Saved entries
------------------------------------------------
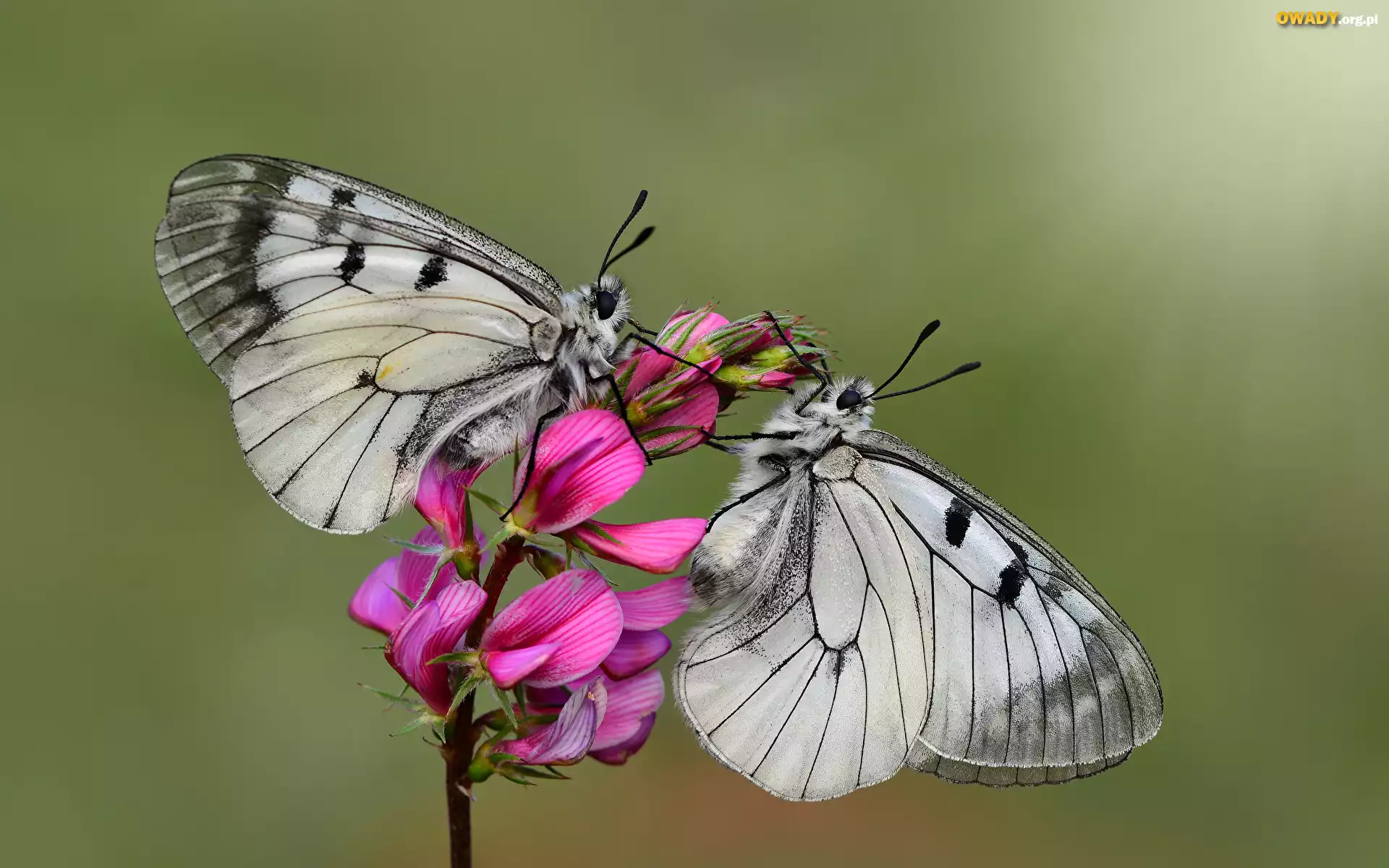 Gałązka, Różowe, Kwiatki, Dwa, Motyle, Niepylaki mnemozyny
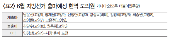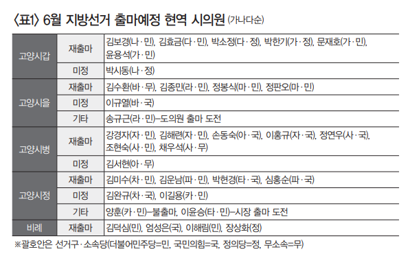 고양신문은 2022년 새해를 맞아 6월 지방선거를 준비하는 현역의원들의 출마현황을 파악해봤다. 대선을 목전에 두고 다들 조심스러운 분위기였지만 대다수 의원들은 재출마를 희망했다. 몇몇 의원들은 체급을 높여 출마하는 방향을 고심했으며 일찌감치 불출마 의사를 밝히거나 대선 이후로 거취표명을 미루는 의원들도 있었다.
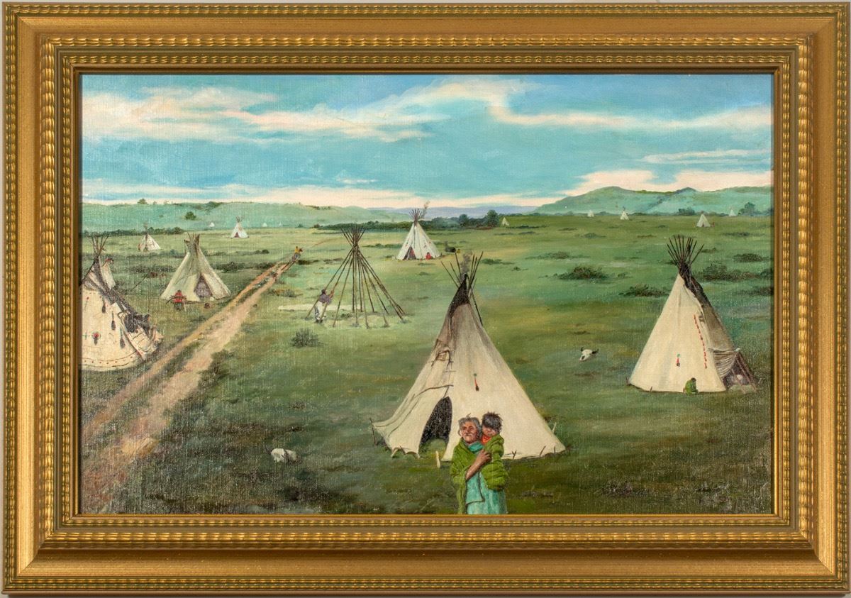 Oil painting of the Great Plains by Elbridge Ayer (E. A.) Burbank (1858-1949). 25.5" H x 36" W. Burbank was an American artist who sketched and painted more than 1200 portraits of Native Americans from 125 tribes. He studied art in Chicago and in his 30s traveled to Munich, Germany for additional studies with notable German artists. He is believed to be the only person to paint the war chief Geronimo from life. City: State: Date: 1938 hwac# 22005
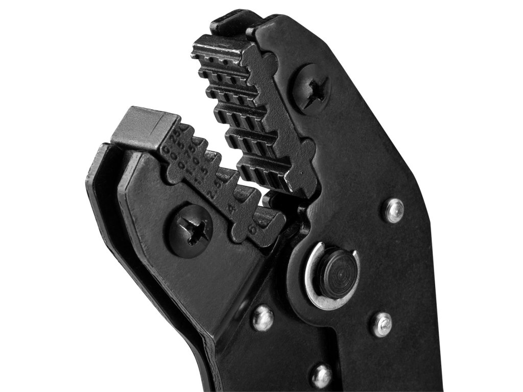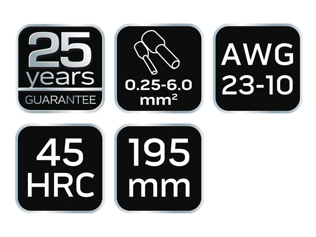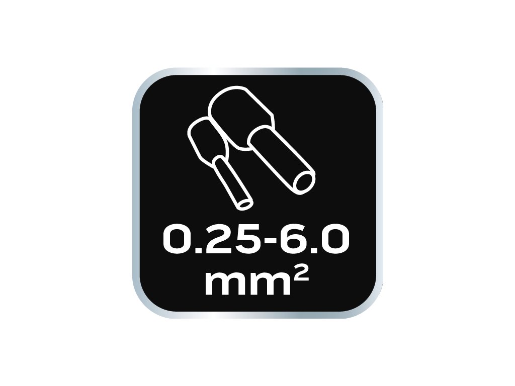 Krimpovacie kliešte na koncovky, dĺžka 195 mm, rozsah 0,25-6,0 mm, materiál uhlíková oceľ, tvrdosť 45 HRC, leštený povrch, jednozložková rukoväť, na koncovky, račňový systém
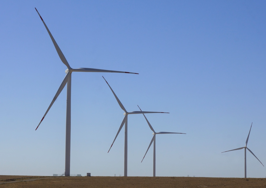 这是哈萨克斯坦札纳塔斯风电场风机(2022年9月13日摄)。札纳塔斯100兆瓦风电项目是中哈合作的中亚最大风电项目。新华社发(德米特里·瓦西连科摄)
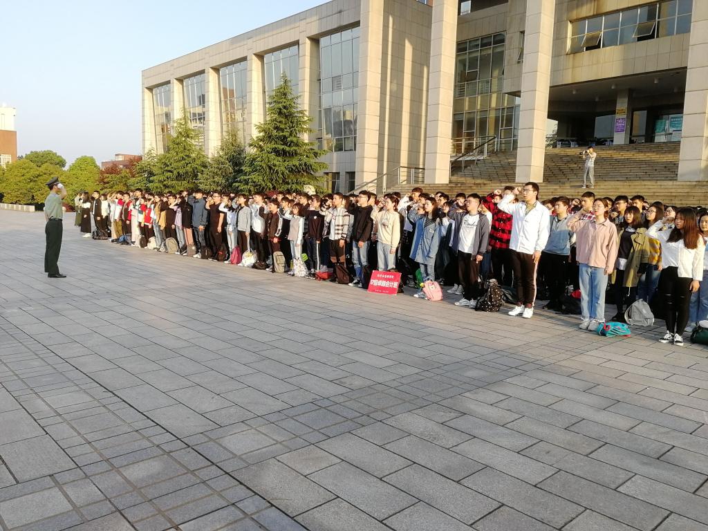 2019年4月8日早上6点55分,william威廉中文官网经济与管理学院在图书馆前举行了庄严隆重的升旗仪式。学院党委副书记涂道勇,17级辅导员肖翠老师及全体17级学子参加升旗仪式。
------------------------------------------------
- THE TASK
What's needed is every record restated exactly, pictures excluded.

- EXPECTED ANSWER
 Gałązka, Różowe, Kwiatki, Dwa, Motyle, Niepylaki mnemozyny
 고양신문은 2022년 새해를 맞아 6월 지방선거를 준비하는 현역의원들의 출마현황을 파악해봤다. 대선을 목전에 두고 다들 조심스러운 분위기였지만 대다수 의원들은 재출마를 희망했다. 몇몇 의원들은 체급을 높여 출마하는 방향을 고심했으며 일찌감치 불출마 의사를 밝히거나 대선 이후로 거취표명을 미루는 의원들도 있었다.
 Oil painting of the Great Plains by Elbridge Ayer (E. A.) Burbank (1858-1949). 25.5" H x 36" W. Burbank was an American artist who sketched and painted more than 1200 portraits of Native Americans from 125 tribes. He studied art in Chicago and in his 30s traveled to Munich, Germany for additional studies with notable German artists. He is believed to be the only person to paint the war chief Geronimo from life. City: State: Date: 1938 hwac# 22005
 Krimpovacie kliešte na koncovky, dĺžka 195 mm, rozsah 0,25-6,0 mm, materiál uhlíková oceľ, tvrdosť 45 HRC, leštený povrch, jednozložková rukoväť, na koncovky, račňový systém
 这是哈萨克斯坦札纳塔斯风电场风机(2022年9月13日摄)。札纳塔斯100兆瓦风电项目是中哈合作的中亚最大风电项目。新华社发(德米特里·瓦西连科摄)
 2019年4月8日早上6点55分,william威廉中文官网经济与管理学院在图书馆前举行了庄严隆重的升旗仪式。学院党委副书记涂道勇,17级辅导员肖翠老师及全体17级学子参加升旗仪式。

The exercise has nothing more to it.